Companies Resort To Employing The Welsh
THE recession took a turn for the worse last night as new figures revealed more businesses have resorted to using low cost Welshmen.

Wayne Hayes, a warehouse worker from Chester, said: "I saw this odd creature stacking boxes. The boss said it's from somewhere called 'Llanerch-y-Mor', which I can only assume is a suburb of Mordor."
Wales still suffers from large scale unemployment with many unable to work due to a chronic sense of victimhood and vitamin D deficiency from lack of sunlight. Singer Charlotte Church's bar tab currently accounts for 42% of the country's GDP.
Meanwhile trade unions have called for increased safety checks warning an improperly-handled Welsh can explode in a shower of glowering resentment and vowel-free syllables.
Roy Hobbs, who employs 12 Welshmen at his factory in Shrewsbury, said: "They're charming little fellows that can easily be trained to do menial tasks. I sometimes think they almost understand what we're saying."

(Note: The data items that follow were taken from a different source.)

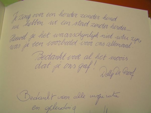 'Zondag 23 november krijgen publiek, vrienden en collega's de gelegenheid om in De Roma (Turnhoutsebaan 286 in Borgerhout) afscheid te nemen van Wannes Van de Velde. Tevens is er mogelijkheid om na de herdenkingsplechtigheid een laatste groet te brengen. De deuren van De Roma gaan open om 14 uur en blijven voor deze gelegenheid de hele avond open. De plechtigheid zelf begint om 15 uur'. In naam van de familie, Bob De Moor, Kris Eelen, Paul Schijvens en Karel Vingerhouts.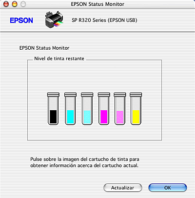 También puede usar esta utilidad para verificar los niveles de tinta antes de imprimir. EPSON StatusMonitor muestra la cantidad de tinta que quedaba cuando se abrió. Si desea poner al día la información sobre el nivel de tinta, haga clic en Actualizar.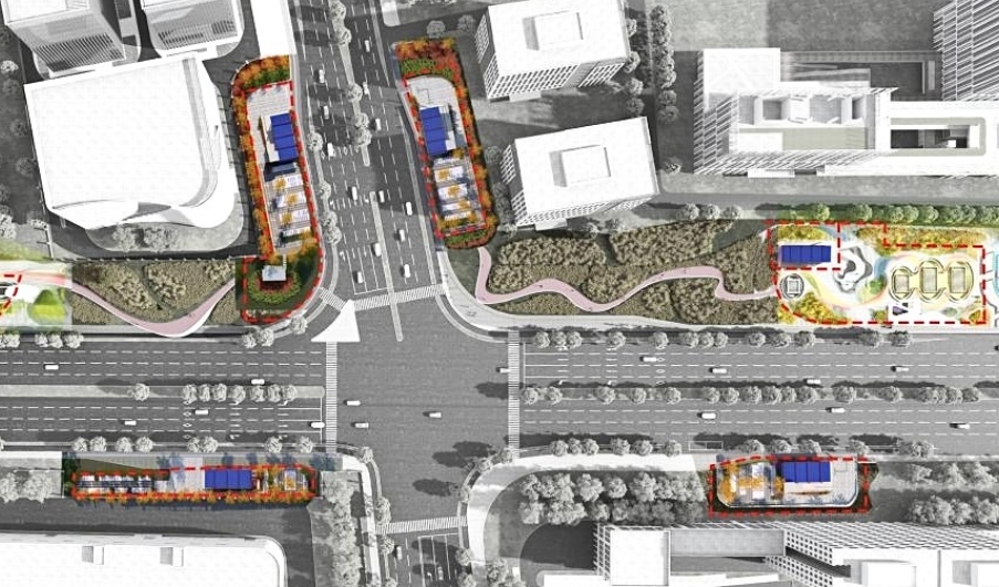 與此同時,空間整合,優化土地資源配置。充分考量交通接駁需求,通過返征退縮用地,拓展停車空間,并采用綠化帶分隔,兼顧美觀與秩序,車站共設非機動車停車位1008個。同時強化需求傳導,結合公交、出租車及K+R停靠需求,對現有鳳凰南路、永利路提出增設港灣式公交車站、臨時停泊車位等接駁空間改造建議,提高換乘效率。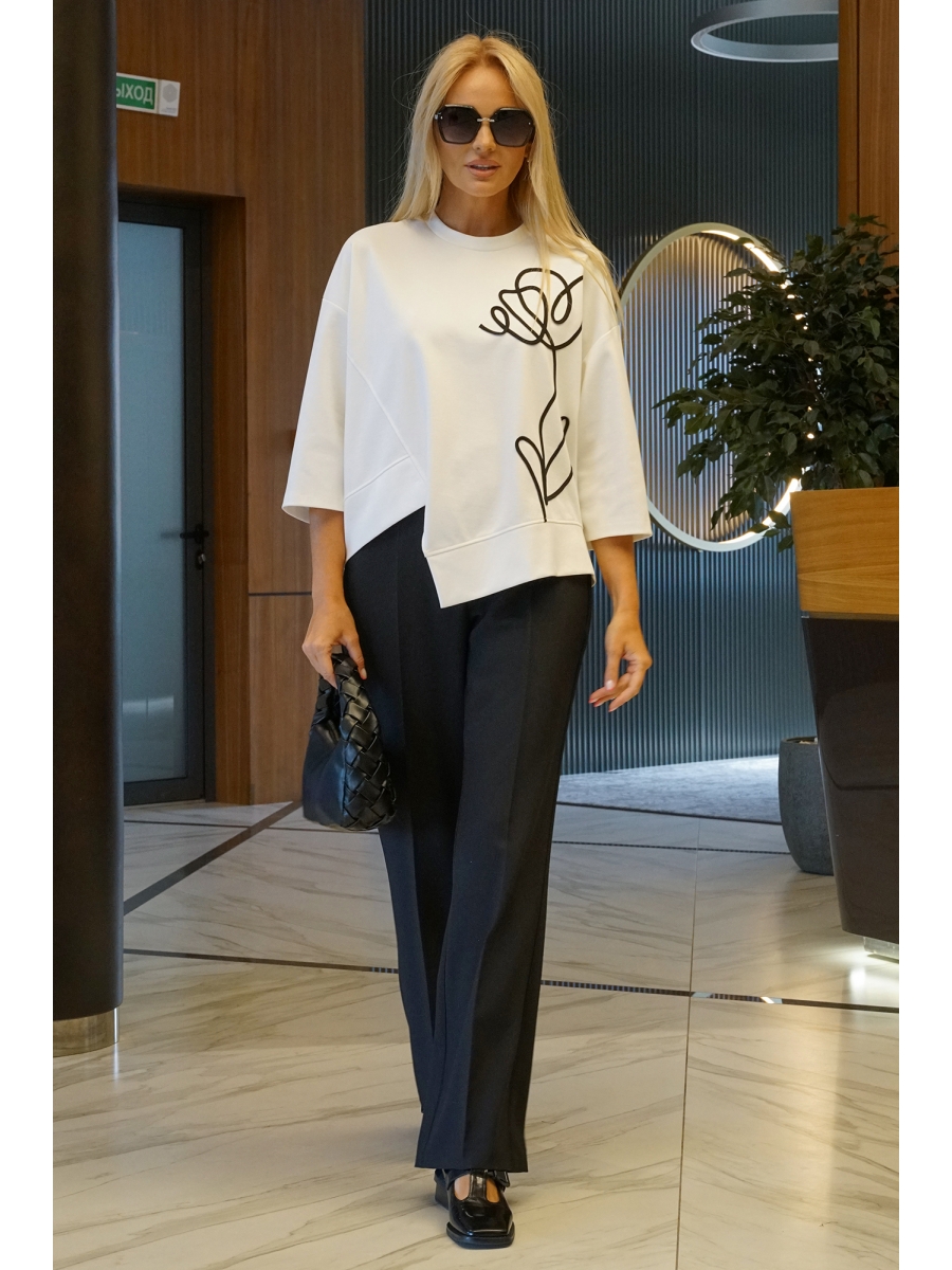 Блузон прямого, свободного силуэта, со спущенной линией плеча, перед и спинка с отрезным бочком, с разно-уровневым низом и притачным поясом. Рукава втачные, одношовные, длиной ¾. По горловине бейка. Перед с декоративным элементом «цветок». Рукава втачные, одношовные, длиной ¾.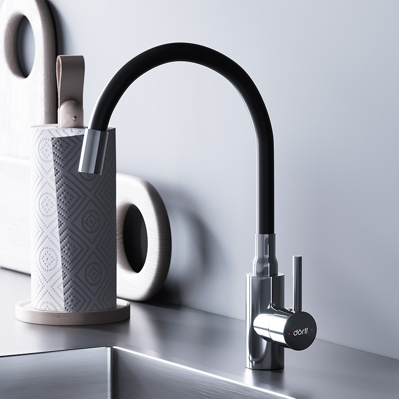Смеситель Dorff Logic D3007622 для кухонной мойки хром-черный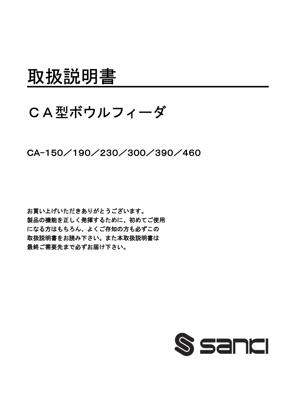 CA-150, CA-190, CA-230, CA-300, CA-390, CA-460 - 取扱説明書:パーツフィーダ・パーツフィーディングシステム

He added: "They're initially skittish around machinery but give them a pallet of straw to sleep on and a flagon of Brains Bitter every night and they're happy as larks."
But many are angry at the introduction of the Welsh. Nikki Hollis, an accounts assistant from Ludlow, said: "How would you like an Ian Woosnam look-a-like screaming Tom Jones down your ear and rubbing his crotch against your cheek while you're trying to do the regional sales figures?"